Warren Buffett says banks aren't the problem but had the good sense to dump almost all his holdings in Goldman Sachs. What's really going on? | Image: Bill Pugliano/Getty Images/AFP
Despite sitting on a massive cash hoard, Warren Buffett has been on a selling spree. After completely divesting from airline stocks, his latest target is financial giant Goldman Sachs (NYSE:GS).
At this year’s Berkshire Hathaway meeting, Buffett told us banks weren’t his major concern. So why did he cut his Godman stake by 84%?
Buffett has been parting ways with a lot of old friends lately ., including Phillips 66 and beloved insurance giant Travelers Cos.
When you consider that his airline holdings have also gone, the sea-change at Buffett’s firm makes sense given the dire employment conditions in the United States brought about by the coronavirus pandemic.
What is surprising is Buffett’s decoupling from Goldman Sachs mere weeks after he told his annual shareholder meeting that banks weren’t the problem:
They had done some things they shouldn’t have done [in 2008], some of them, and they were certainly in far different financial condition than now. So the banking system is not the problem in this particular [situation. I think the banks have behaved very well and are in very good shape. … They’ve built up great reserves there and built own balance sheets.
If the financials aren’t the problem, yet Buffett takes almost all his chips off the table, something is going on behind the scenes.
The answer lies in the very same shareholder meeting, where Buffett said:
You can dream of scenarios that put a lot of strain on banks, and they’re not totally impossible. They’re going to have problems with energy loans, they’re going to have extra problems with consumer credit.
There’s no underestimating just how lousy energy loans have become.
It doesn’t take a lot of dreams to realize that the booming global economy might have encouraged some greater leveraging from the major banks. JPMorgan Chase (who Buffett also trimmed his stake in) said in 2016 it would boost reserves for lousy energy loans by $1.5 billion if crude stayed at $25 for more than 18 months .
Well, how does negative $40 a barrel sound? Even if JPMorgan and Goldman were cautious, the damage is unavoidable and already showing.
Let’s not even go into car company loans, commercial real estate, or anything to do with the tourism industry.
Next, let’s take a look at consumer credit. More than 36 million Americans are unemployed. Yes, there are more generous unemployment benefits, but by all accounts, a lot of states haven’t paid out yet.
Goldman Sachs has been making a push into retail banking , and that doesn’t have great prospects at the moment. The Federal Reserve recently warned that there could be a sharp rise in household debt defaults .
The talk of the town now is the possibility of negative interest rates, which can hurt banks deeply if their ability to make interest on their loans collapses.

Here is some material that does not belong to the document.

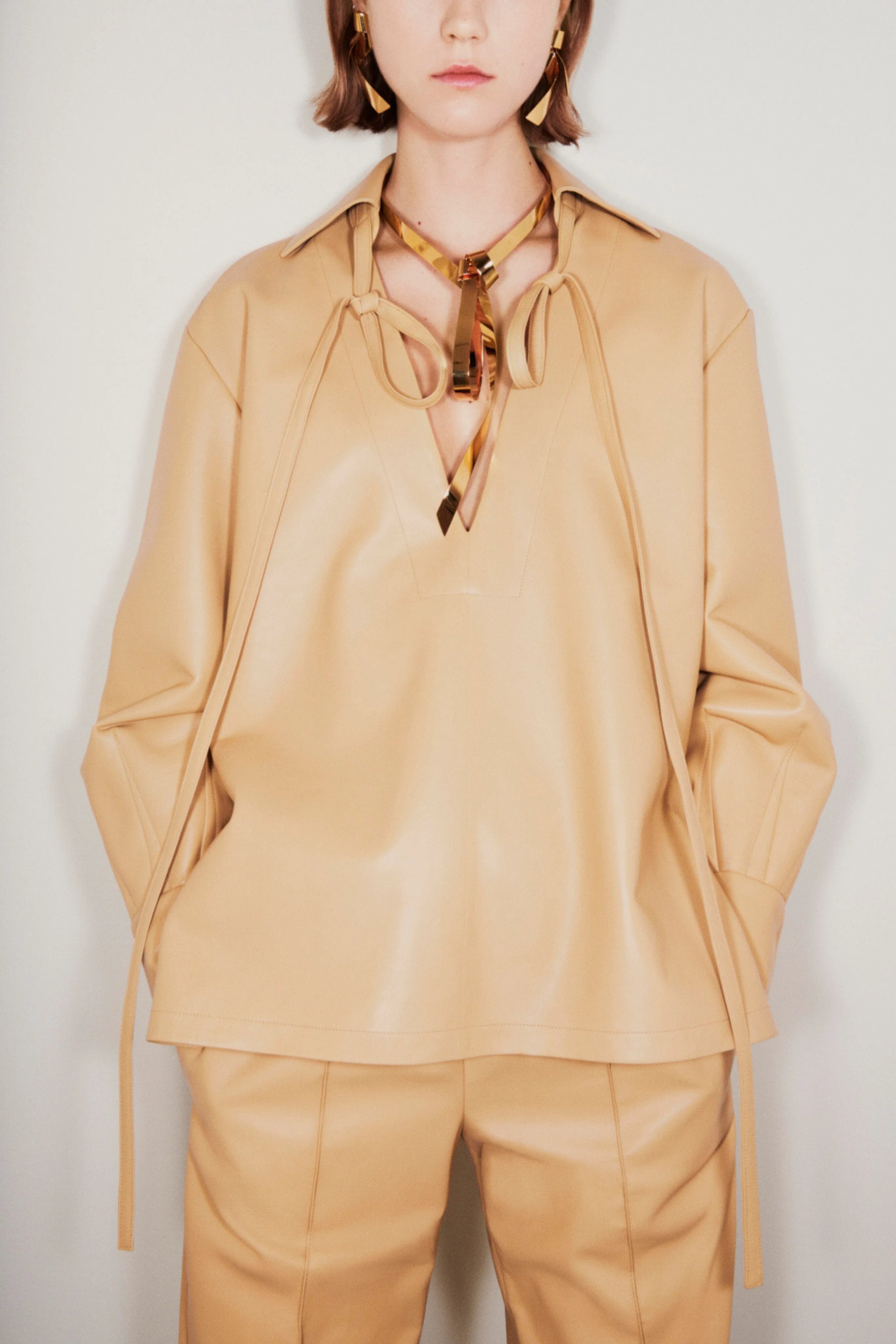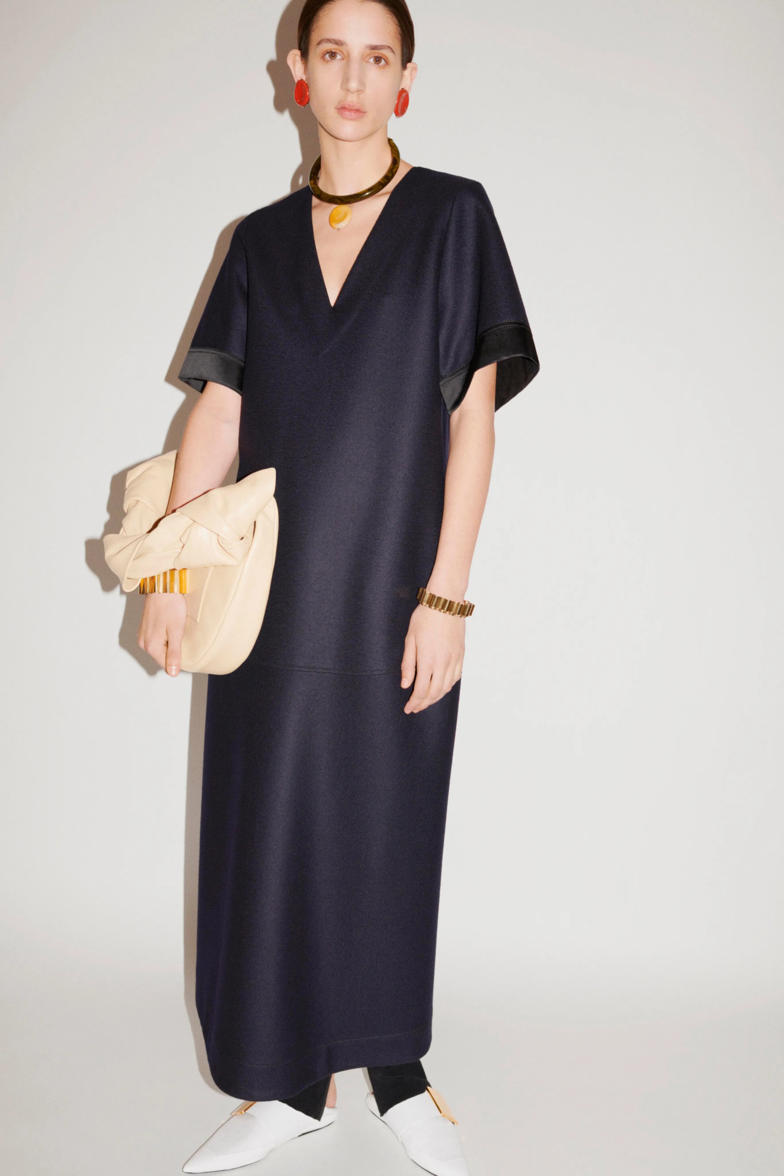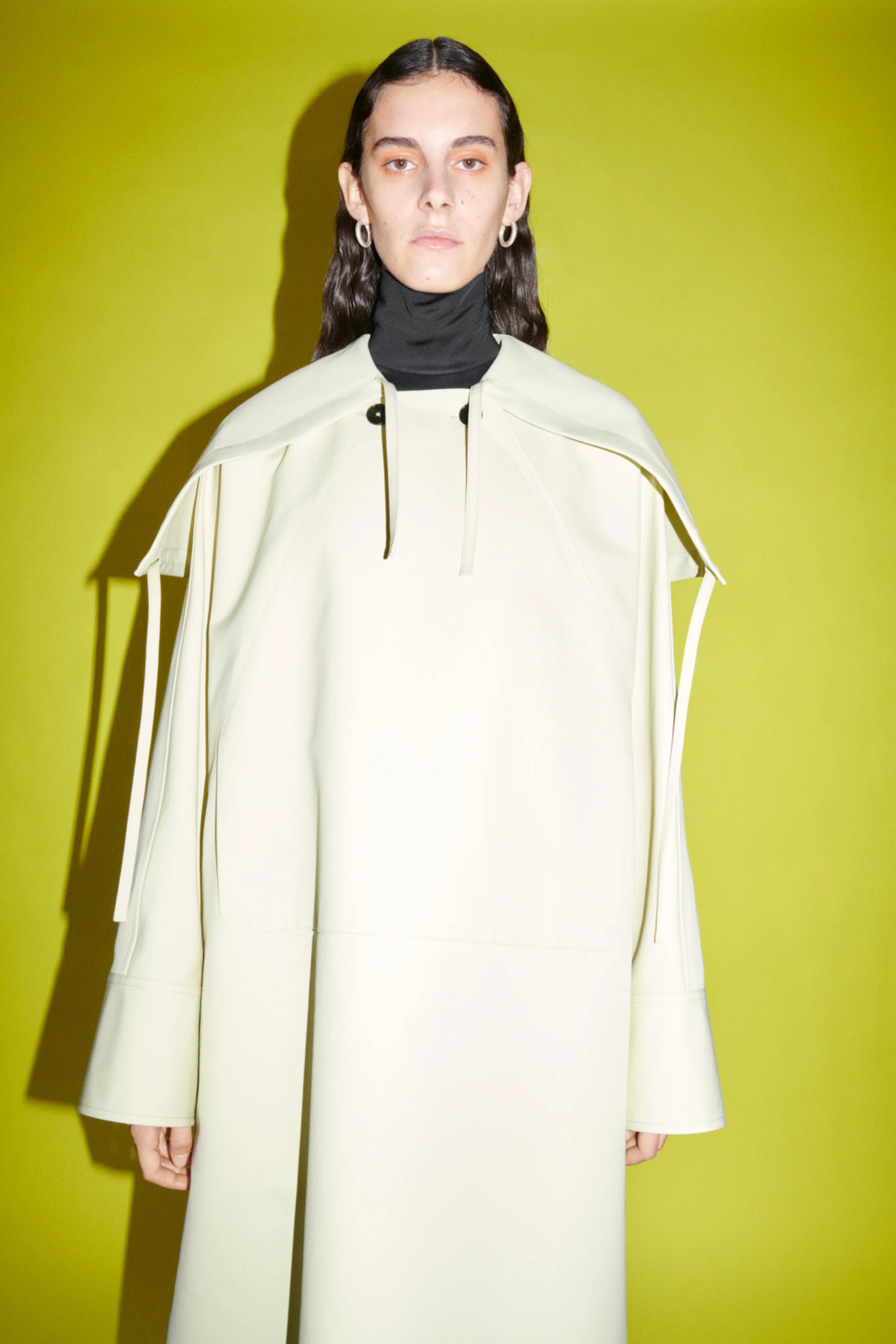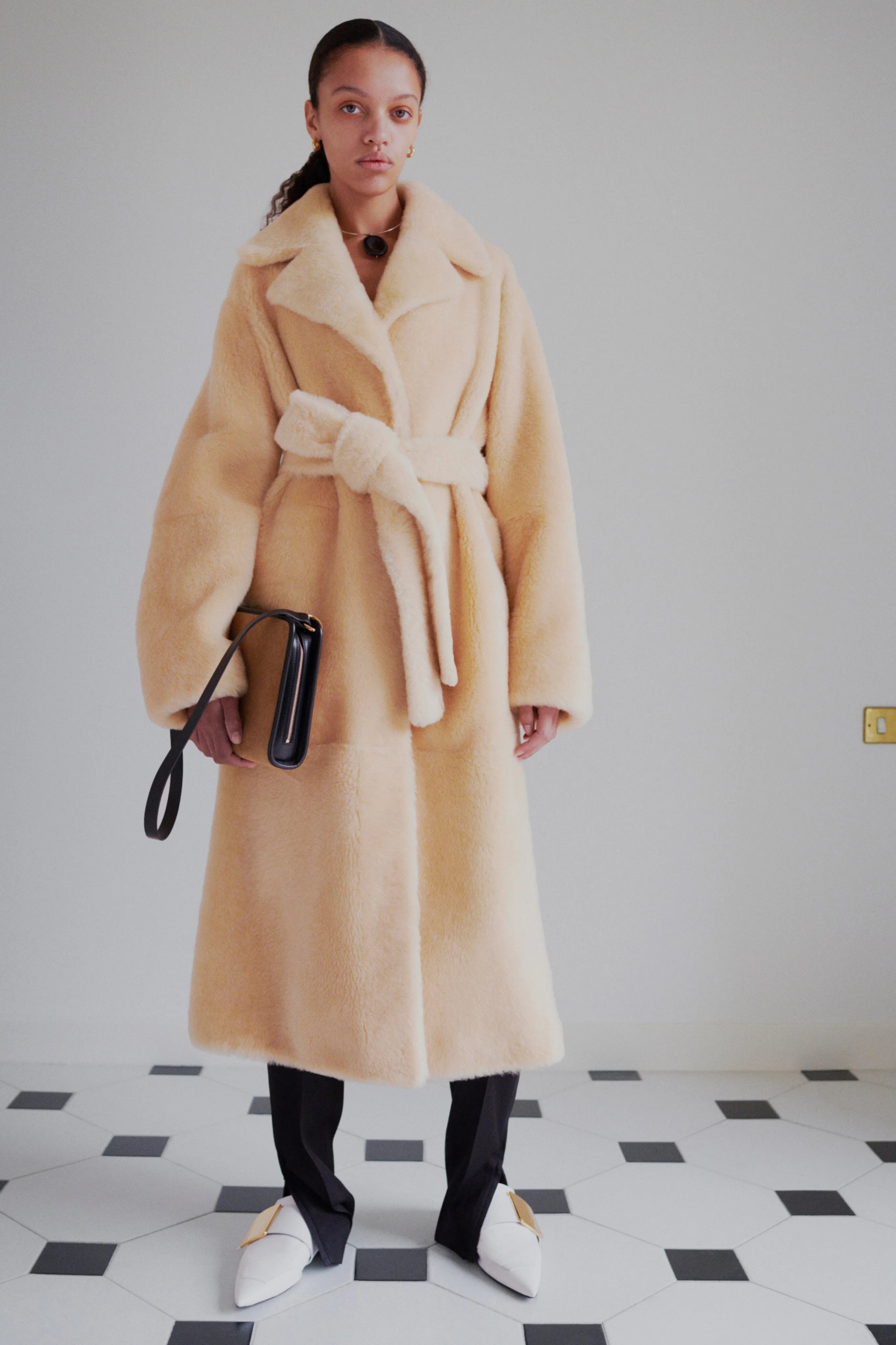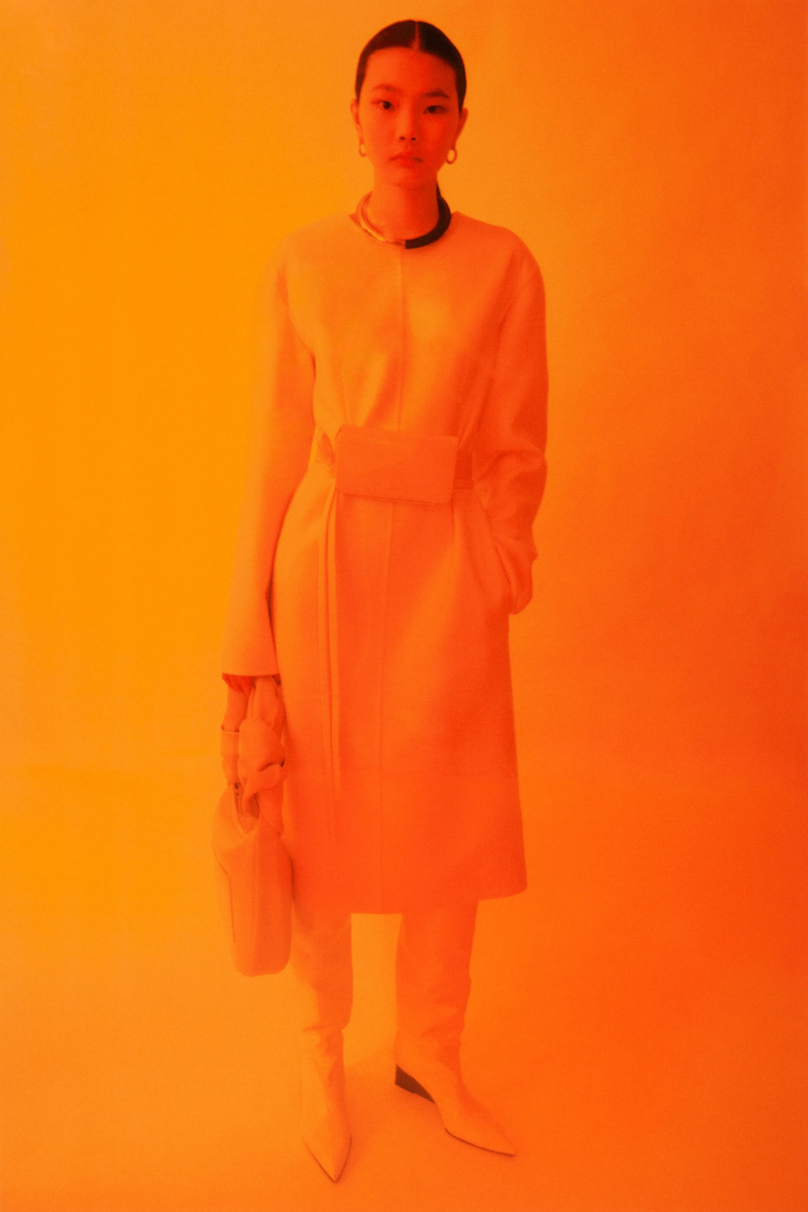 Так, коллекция будущего сезона выглядит прагматично и элегантно одновременно. В неё вошли анораки с капюшонами, парки и удлиненные блузы с юбками миди — всё в пастельных тонах. Лейтмотивом стал заостренный отложной ворот на платьях и блузах. Пижамные костюмы хвойного оттенка, землистые пальто и карамельные шубы дополняют вместительные объемные клатчи и геометричные клатчи-несессеры.

While Jerome Powell and other members of the FOMC have pushed back strongly against the idea of cutting below zero, given the scale of the printing that has gone on so far, it’s not a stretch to see this happening.
You don’t need to be Warren Buffett to guess that a lot of the economic damage is going to fall squarely on Goldman Sachs and its peers. Where it does help to be a billionaire investor is you have a much better grasp on the extent of the damage.
Buffett didn’t exactly lie. The coronavirus and the associated lockdown is the problem, not the banks. Unfortunately, we all know who’s going to be left holding the bag after a decade of cheap money risk-taking, and so does Warren.
A hurricane of permanent layoffs and major bankruptcies is brewing, which means Wall Street bailouts will be needed. But there’s no money or public support left to make that happen.
Berkshire Hathaway exits stage left.